2011-й завершился митингами, которые журнал The Economist назвал «русским пробуждением» и оценил как «крупнейшие с начала 1990-х». Эпицентром этого движения стали московские Болотная площадь и проспект Сахарова. Но многотысячные протесты прокатились по всей стране. По данным «Левада-центра», в декабре 2011 года 46% москвичей одобряли протестную направленность прошедших митингов и лишь четверть горожан относилась к ним скептически. При этом 73% опрошенных одобряли требования митингующих. Даже тогдашний президент Дмитрий Медведев признал, что протесты продемонстрировали исчерпанность старой политической модели страны. «Модель нужно менять, и только в этом случае у нашей страны будет динамичное развитие», — сказал он. В конце концов власти пошли на уступки. Была облегчена процедура регистрации партий, возвращены выборы губернаторов. А в мае 2012-го новый-старый президент Владимир Путин обнародовал так называемые майские указы о масштабных социальных программах.
Город для жизни? Чем Москва-2021 отличается от Москвы-2011
Если смотреть на столицу как на главную политическую сцену страны, то стоит начать с того, что на этой сцене изменилось за десять лет.
Москвичей стало больше. По итогам 2010 года мэрия официально признавала 11 382 161 горожанина с пропиской. К концу 2020-го нас стало на 1,3 млн больше — 12 678 079.
Средняя номинальная зарплата в Москве выросла в 2,5 раза. В 2010-м она составляла 38,4 тыс. рублей, а в 2019-м — 94,3 тыс. Общие доходы населения (в которые входят пенсии, доходы от бизнеса, социальные трансферты и иные доходы) росли медленнее: с 44 тыс. до 74 тыс. рублей за десятилетие. Но за то же время рубль сильно ослаб. В 2010-м курс колебался вокруг отметки в 30 рублей, а в 2020-м поднимался до 77,6 рубля. Цены тоже росли, хоть и не так быстро, как курс валют. Если за первое десятилетие нового века реальные денежные доходы населения удвоились (в 2009-м они составили 202% по отношению к уровню 1999-го), то во втором десятилетии они даже немного снизились и составляют примерно 95% от уровня конца 2010 года.

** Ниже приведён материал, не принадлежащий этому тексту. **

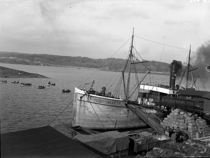 Enligt tidigare noteringar: "Träångfartyget Alekto vid Badö, Uddevalla. Flera robåtar med många människor."
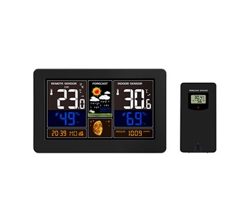 Smart Life/TYUA aplikace pro mobilní zařízení aplikace slouží k ovládání meteostanice, prohlížení grafů vývoje teplot, tlaku, vhlkostí, a ke kontrole aktuálních hodnot měření vnitřní teploty: -20°C až +60°C měření venkovní teploty: -40°C až +70°C přesnost měření teploty: -+1°C měření vnitřní a vnější vlhkosti: 20% - 95% měření atmosférického tlaku: 600 hPa/mb - 1100 hPa/mb USB nabíjecí adaptér DC 5V/1000mA paměť minimálních a maximálních dosažených hodnot teploty a vlhkosti, vnější i vnitřní možnost připojení až 3 bezdrátových senzorů (TE81S-WIFI), funkce cyklického přepínání mezi jednotlivými senzory 1 bezdrátový senzor (součástí balení), dosah 60 m ve volném prostoru předpověď počasí v 6 grafických úrovních s indikátorem vývoje ukazatelé stavu baterie pro meteostanici i bezdrátový senzor čas řízený synchronizačním systémem internetu, kalendář, fáze Měsíce, název dne indikátor vývoje teplot, tlaku a vhkostí barevný podsvícený displej 19cm (17,0 x 9,4cm) úsporný režim displeje, 3 úrovně podsvícení displeje + vypnuto rychlý a komfortní přístup k ovládacím tlačítkům na boční hraně meteostanice otvor pro uchycení na zeď, opěrný stojánek rozměry meteostanice: 20,5 x 13 x 3 cm max. barva: černá napájení: hlavní jednotka:2 x AA (LR06) baterie (není součástí balení) adaptér AC 230V,50Hz /DC 5V, 1200mA (součástí balení) senzor: 2 x AA (LR06) baterie (není součástí balení)

Москвичей продолжает портить жилищный вопрос. По официальной статистике, на каждого жителя сегодня приходится по 19,4 кв. м жилплощади — на 0,7 кв. м больше, чем десять лет назад. А вот рыночная стоимость этого метра выросла в полтора раза — с 99,4 тыс. рублей в 2011-м до 154,5 тыс. рублей в 2020-м. Но как бы быстро ни росла стоимость квадратных метров недвижимости, стоимость услуг ЖКХ растет еще быстрее, обгоняя рост даже номинальных доходов. Сумма платежей москвичей по своим жировкам выросла в 2010–2019 годах с 116,2 млн до 251,3 млн рублей.
Доходов для полноценной жизни москвичам не хватает все сильнее. Это видно по темпам роста кредитной задолженности. В 2011-м жители столицы были должны банкам всего 403 млрд рублей, в 2020-м эта сумма выросла почти в пять раз (под 2 трлн рублей). Из них лишь 906,5 млрд приходилось на долги по ипотеке. Обязательные платежи по кредитам составляют все большую долю в расходах домохозяйств. Это соответствует общероссийской тенденции. По данным Банка России, в четвертом квартале 2019 года почти четверть российских заемщиков (23%) отдавали на платежи по кредитам более 80% своего ежемесячного дохода, а в среднем этот показатель составлял 43,9% доходов.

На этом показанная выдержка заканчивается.